N-terminal truncated insulin-like growth factor-I in human urine

H Yamamoto and LJ Murphy
Department of Internal Medicine, University of Manitoba, Winnipeg, Canada.

Urinary insulin-like growth factor-I (IGF-I) from healthy human subjects was examined using two antisera directed toward the whole molecule (WM) and the N-terminal of IGF-I. Pooled urine samples from normal adults were dialyzed, lyophilized, then subjected to Sephacryl S- 200 chromatography. The gel filtration profile of immunoreactive IGF-I measured by RIA using WM antiserum showed two peaks. Of the total IGF- I, approximately 40% was free, and the rest was present as a 50- kilodalton complex. To characterize the IGF-I forms present in those two peaks, antibody capture enzyme-linked immunoassays (EIA) using the two antisera were established for detection of intact IGF-I and N- terminal-truncated IGF-I variants. The WM antibody recognizes intact IGF-I and des(1-3)-IGF-I, an N-terminal-truncated variant, equally well, whereas the N-terminal IGF-I antibody recognizes intact IGF-I, but not des(1-3)-IGF-I (< 1% cross-reactivity). As both antibodies show similar cross-reactions with IGF-II, the difference between IGF-I levels recognized by the two antisera was considered to indicate the presence of N-terminal-truncated IGF-I variants. Of the free immunoreactive IGF-I in the urine, 64% was not recognized by N-terminal IGF-I antiserum and was considered to represent N-terminal-truncated IGF-I. In contrast, only 6% of the IGF-I present in the 50-kilodalton fraction was truncated.
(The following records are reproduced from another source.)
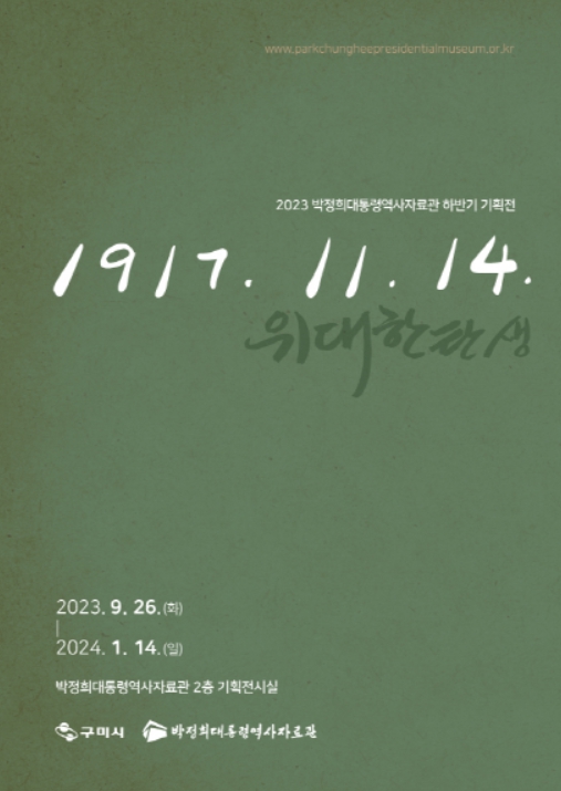 사진 박정희대통령역사자료관박정희 전 대통령 106돌을 맞아 박정희대통령역사자료관 기획전시실에서 기획전이 열리고 있습니다.2024년 1월 14일까지 열리는 기획전 '1917.11.14'는 박정희 전 대통령의 출생 배경과 생일 기념 일화 등을 살펴보고, 서거 이후 받은 마지막 생일 선물 등을 포함한 유품 27건을 공개합니다.전...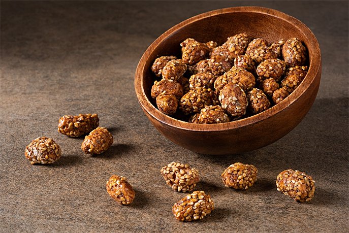 • Kavrulmuş yer fıstığı + doğal bal + susam kaplama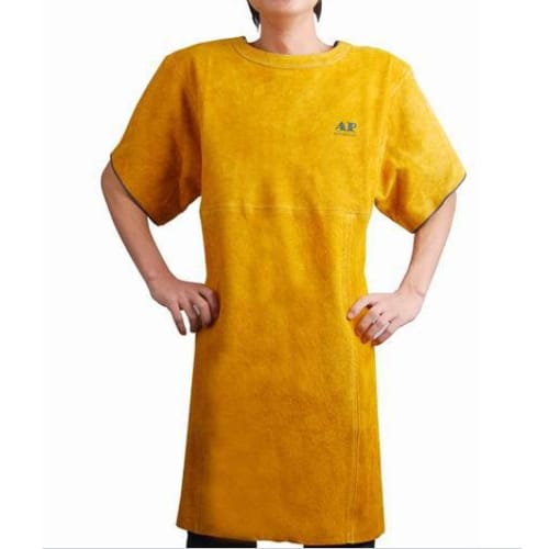 金黄色牛二层芯皮全皮短袖围裙,适于在炎热气温或室内焊接使用,背部透气,不会感觉太炎热。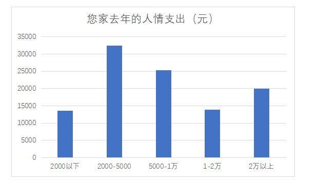 问卷结果显示,在所有问卷地区中,去年家庭人情支出为2000元以下的占比为12.88%,居于2000-5000元区间的占比为30.88%,居于5000-1万元区间的占比为24.07%,居于1-2万元区间的占比为13.20%,超过2万元的占比为18.97%。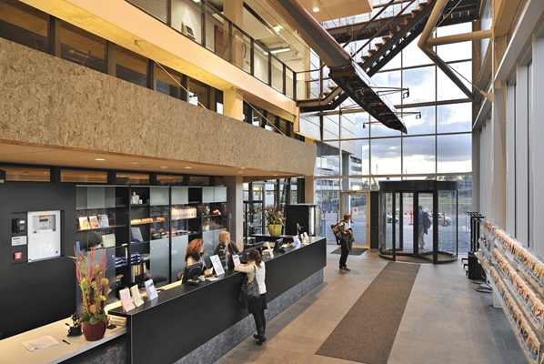 Het compacte gebouw vult de gehele kavel tussen twee poldercorridors (de brede, onbebouwde stroken voor groen en expeditie). Haaks hierop ontstaan langs beide zijden van het gebouw routes waaraan diverse sporten in de etalage staan. De entree in de zuidwest gevel ligt in de zichtlijn vanuit het nieuwe NS-station langs de 19e-eeuwse boerderij Anna Hoeve. Naast de entree, met optimaal zicht en zon, ligt iets verhoogd het ruime caféterras met daaronder de fietsenstalling. De opengewerkte noordgevel toont de enorme klimwand met daarvoor langs grote hangende trappen waarover bezoekers de verdiepingen kunnen bereiken. Door de meer gesloten sportzalen (multifunctioneel inzetbaar, bijvoorbeeld als zaal voor tentamens of evenementen) ‘op te tillen’ naar de 1e verdieping is op de begane grond en in het souterrain ruimte voor de meer open en intensief gebruikte programma’s als fitness en squash. Deze zijn daarmee ook voor grote bezoekersstromen snel bereikbaar.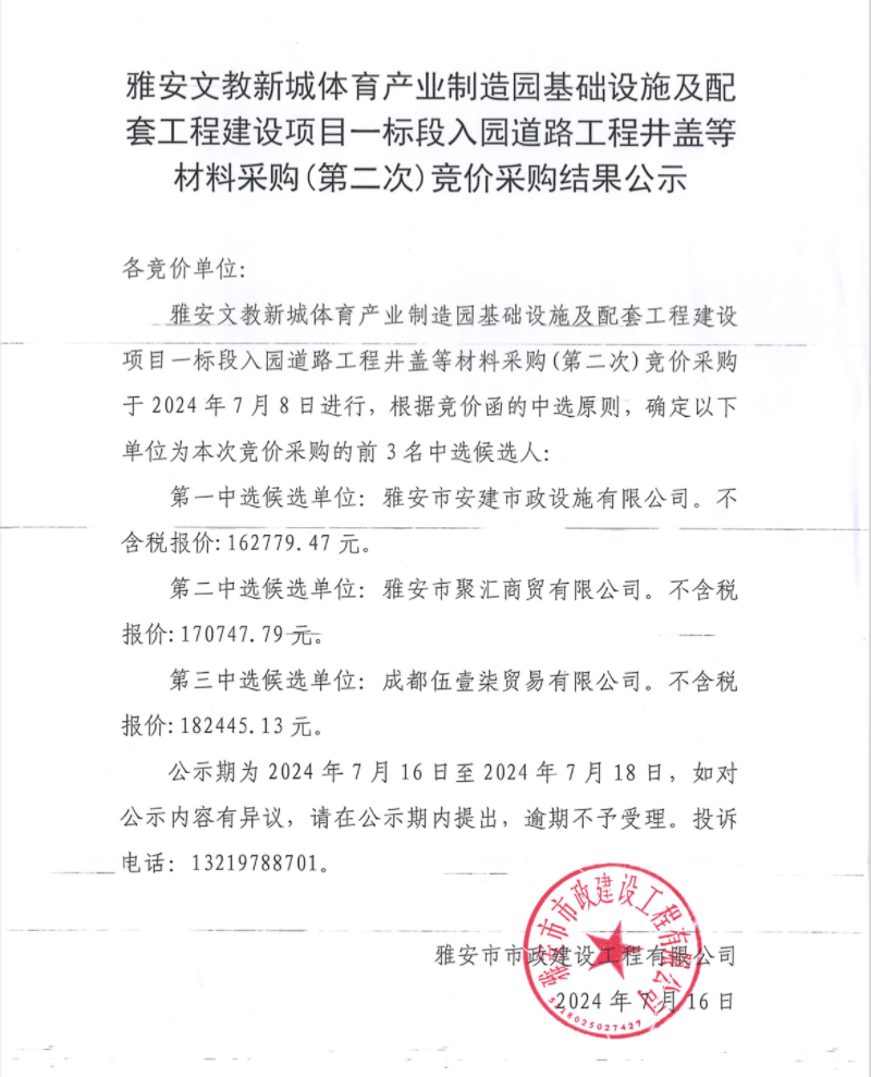 雅安文教新城體育產(chǎn)業(yè)制造園基礎(chǔ)設(shè)施及配套工程建設(shè)項(xiàng)目一標(biāo)段入園道路工程井蓋等材料采購(gòu)(第二次)競(jìng)價(jià)采購(gòu)結(jié)果公示

Urine samples from normal human subjects were analyzed by RIA with WM antiserum and EIA with both WM and N-terminal IGF-I antisera after extraction of IGF-I from binding proteins. IGF-I values measured by EIA with the WM antiserum correlated well with those values obtained by RIA using WM antiserum (r = 0.98; P < 0.001). The total urinary IGF-I level measured by EIA with the WM antiserum was 216.0 +/- 41.1 ng/L (mean +/- SEM), and 35.2 +/- 6.1% of this was considered to represent N-terminal-truncated IGF-I. Using an immobilized biotinylated peptide corresponding to the N-terminal six amino acids of IGF-I, we detected proteolytic activity toward the N- terminal of IGF-I in all four human serum samples tested. In contrast, only two of seven urine samples had detectable protease activity, and in these samples, activity was very low compared to that in serum.(ABSTRACT TRUNCATED AT 400 WORDS)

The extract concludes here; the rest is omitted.